With the nation’s attention focused on abortion, gun safety, and religious liberty, and more recently the lengthy struggle in the House of Representatives to choose a new speaker, one issue that may have escaped notice is a challenge to Native American sovereignty.
Because so many Islanders are members of the Wampanoag tribe, the outcome in a case before the Supreme Court may well directly affect their lives.
At issue is the constitutionality of the Indian Child Welfare Act (ICWA), passed in 1978. Congress acted to ensure that Native American children who are adopted or sent to foster care remain with Native American families. The law resulted from considerable evidence that public and private agencies were assigning these children to non-native families through adoption or foster care, or when parental rights were terminated. Some 75 to 80 percent of Native American families experienced this phenomenon.

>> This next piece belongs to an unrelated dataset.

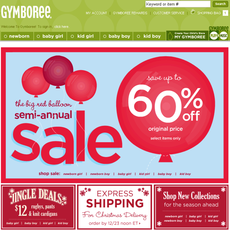 - 非常受歡迎的美國品牌童裝Gymboree, 也在今天(12/22/2009)展開4折起的半年清倉活動, 不過, 只有精選商品才有這麼漂亮的價格, 伊洛娜大概瀏覽了一下特賣內容, 其實款式也不少, 有76款2歲以下女嬰服飾, 86款2歲以下男嬰服飾 , 161款3個月至5歲女童服飾, 86款3個月至5歲男童服飾, 199款3至12歲女孩服飾, 和135款3至12歲男孩服飾。但是呢....以這個品牌的受歡迎程度, 伊洛娜相信, 很多款式很快就買不到了。
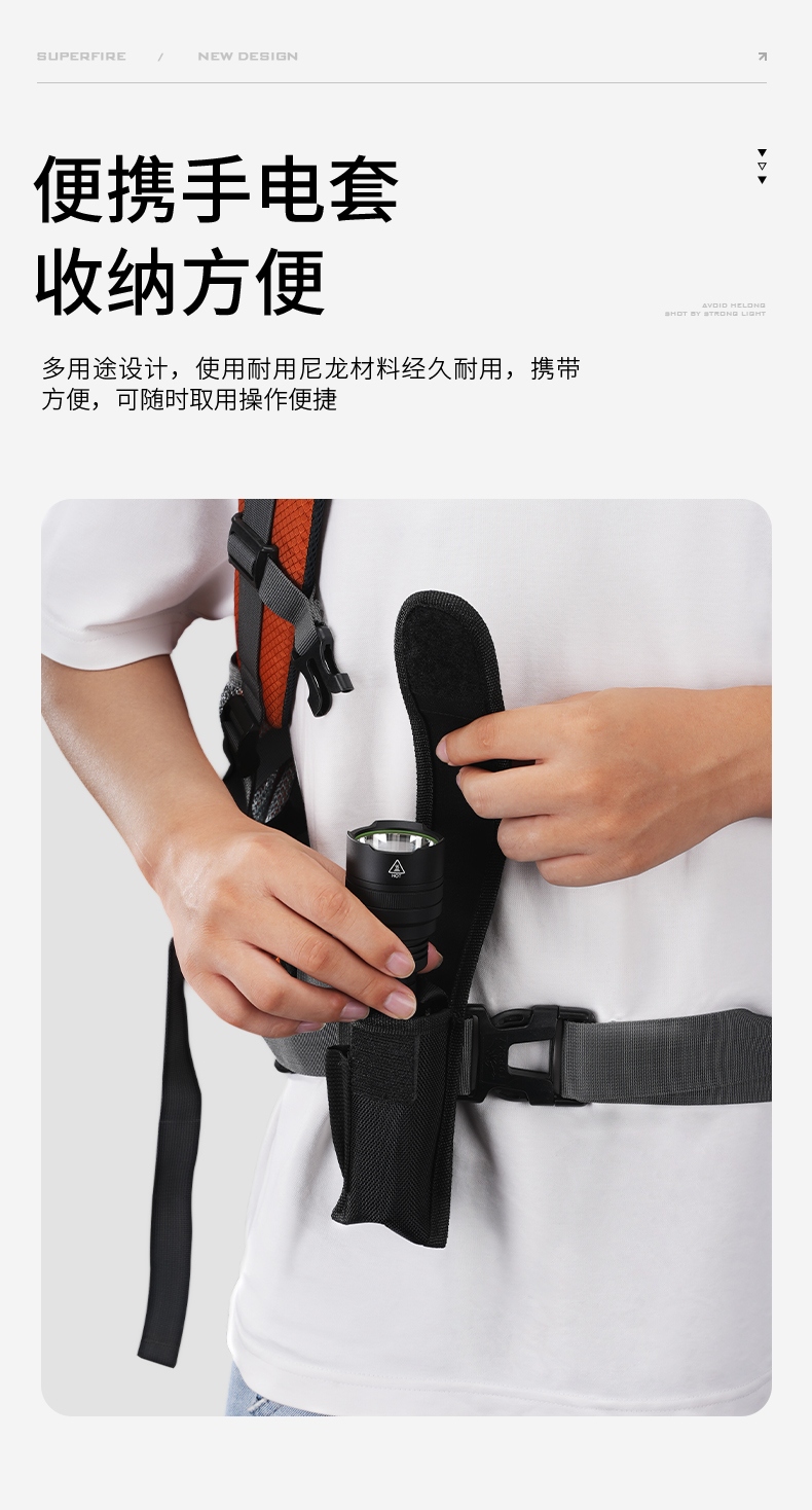 1、强光-中光-弱光-爆闪-SOS五档调光,可满足不同场景需要。

According to the Montana Department of Health and Human Services, the law was designed “to protect the best interests of Indian children and to promote the stability and security of Indian tribes and families.” The act provided that tribal courts possessed sole jurisdiction over proceedings involving the placement of children when they resided on a reservation or tribal land.
The history of state and federal governments’ removal of children from tribes to boarding schools and other institutions is replete with ghastly stories of mistreatment and abuse — even death. According to the Department of the Interior, tens of thousands of Native American children “were compelled to change their names, they were starved and whipped, and made to do manual labor between 1819 and 1969.”
But what would happen when a Native American child who does not reside on tribal land or a reservation becomes the subject of removal? In 1989, this question came before the Supreme Court in Mississippi Band of Choctaw Indians v. Holyfield. The case was limited: It did not challenge the law, but only the specific circumstances of Native American twins who were not born on or ever lived on tribal land or a reservation. They were put up for adoption 200 miles away from the reservation by their Native American parents, who were unmarried. A state court approved the adoption by Orrey and Vivian Holyfield, a non–Native American couple.
The tribe filed suit, claiming its tribal court had exclusive jurisdiction over the children according to the ICWA. In a six-to-three decision, the Supreme Court ruled that states must consider such children “domiciled” on a reservation or tribal land, even if they never lived there. Congress intended these children to remain with Native American families. State courts may not interfere with congressional intent.
In 2012, a year before his death, Justice Antonin Scalia, who joined the majority in favor of the tribe, wrote that this case was the toughest one he had experienced. The child in the case was 5 years old when the case reached the court. Scalia recalled, “We had to turn that child over to the tribal council. I found that very hard. But that’s what the law said, without a doubt.”
And now, a case is before the justices that challenges the law’s constitutionality.
The current dispute involves four consolidated cases. In the lead case, Haaland v. Brackeen, heard last November, a Texas couple adopted a 10-month-old Navajo boy after his mother was found to be using drugs. The Navajo Nation, along with other tribes, challenged the adoption under the ICWA, and a federal district court declared the law unconstitutional. A divided federal appellate court ruled that part of the act infringed on states’ rights under the 10th Amendment: “The powers not delegated to the United States by the Constitution, nor prohibited by it to the States, are reserved to the States respectively, or to the people.”
Led by the Secretary of the Interior, Deb Haaland, the first Native American cabinet head, the U.S. appealed to the Supreme Court.
There are four major constitutional questions. One is whether Congress violated the 10th Amendment.
Another is whether Congress overstepped its authority to “regulate commerce among the several tribes.” Challengers argue that children are not articles of commerce. Besides, states have long regulated child custody cases in an area where the federal government lacks authority. In defending the law, the Biden administration contends that Native American children have long been a concern of the federal government, and that the commerce power authorizes Congress to regulate all interactions between Native and non–Native Americans.
The third is whether the law violates the Equal Protection clause, which prohibits social distinctions based on race, sex, or ethnicity. The administration claims that the issue is political, not social, because tribal membership protects children by preventing their unwarranted separation from their families. The adoptive families counter that the law is based on race, not politics, because the subjects are Native American.
Finally, the court must determine whether Congress unconstitutionally delegated its authority to Native American courts.
These cases present complicated and emotional issues: Recall Scalia’s frustration in the earlier one. During oral argument, Justice Samuel Alito was baffled, saying, “Honestly, I don’t know how to answer this question.”
The outcome will have repercussions across the U.S. and on the Island. We can expect a decision by June.
Jack Fruchtman, who lives in Aquinnah, is the author of “American Constitutional History,” now in its second edition.